Last week they revealed “a bit of archaeology unseen for years” in a public open house – complete with bagpipe music – at the international club’s headquarters; scaffolding had been removed after five years from a portion of the Lowell Thomas Building’s façade. Phase I of the building’s renovations was complete.
Walking by an entryway photograph of member Buzz Aldrin hopping across the moon (another member later noted to us that they had once helped him find his glasses), The Observer began the ascent up the creaking, century-old, dark-wood stairs. On the landing, we discovered one of many club artifacts on display for the day – a “polar time capsule,” which was set adrift from the North Pole in 1986, rediscovered three years later and 2,000 miles away.
The club took over their Upper East Side mansion in 1964, but it was built in 1912 by Stephen Clark, with family money amassed from his grandfather’s role as head of the Singer Sewing Machine Company. Club president Lorie Karnath began the building’s current $2 million, two-phase renovation a little over two years ago when she was elected.
Karnath – who walked the streets of New York, inspecting other buildings in order to select an architect for the project — welcomed us, and about 20 others, to the open house with a building-shaped pin on which the project slogan was printed: “Cultural Heritage Starts at HQ.” The six-story building was lit largely by natural light shining through the newly revealed three-story bay windows overlooking the terrace. Rows of science books lined the room inside, while a chronology of Explorers Club flags hung on the wooden walls of the adjacent lecture room. The completed renovation also included repairing 114 stained-glass windows. Phase II will focus on the terrace and colonnade.
Architectural heritage aside, the club’s history exists also in its members.
“There are a lot of people here who are unusual,” said Don Morley, who had just arrived from Texas wearing his Explorers Club tie. “Your peers are doing very interesting things as a rule.” (On one expedition with club members, Morley traveled in a submarine to see the remains of the Titanic, and as a souvenir he kept a Styrofoam cup on which he had scrawled a note that shrank to the size of a thimble due to the change in pressure.)
To gain full-fledged entry into the club as a “fellow”, one need not to have graduated from an Ivy League college or even know how to play squash, but solely to have contributed to scientific knowledge, “usually evidenced by scientific publications documenting fieldwork or explorations.”
“I feel that it’s all about curiosity and asking questions,” explained Ms.
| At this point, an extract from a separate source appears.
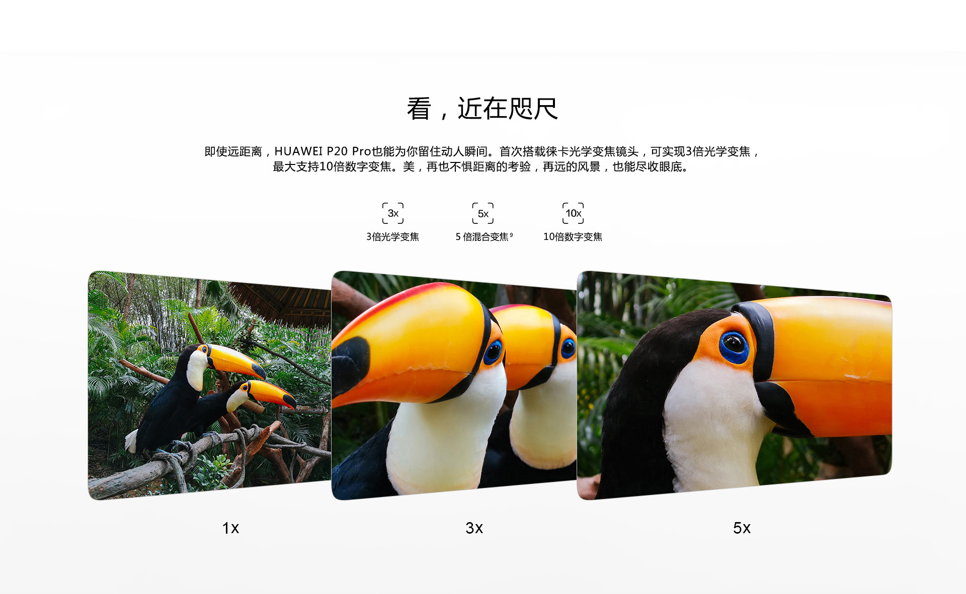 • 变焦模式3倍光学变焦(3倍变焦为近似值,实际等效焦距为27mm-80mm(80/27≈2.96倍))、5倍混合变焦(三个摄像头通过不同组合实现各种环境下出色的5倍变焦效果)

Karnath, who had just returned from digging up dinosaur bones in Canada the weekend before.
We asked Ms. Karnath, sitting in her office cluttered with more books and artifacts, about the acceptance rate: “If you’re qualified, you get in. Let’s put it that way,” she said. In the NYC chapter, there are more than 500 members.
According to cultural preservation enthusiast Mabel Purkerson who was visiting from her chapter in St. Louis, even the cat went through a selection process: he was chosen by the president of the Philadelphia Explorer’s Club chapter out of 32 felines “interviewed.”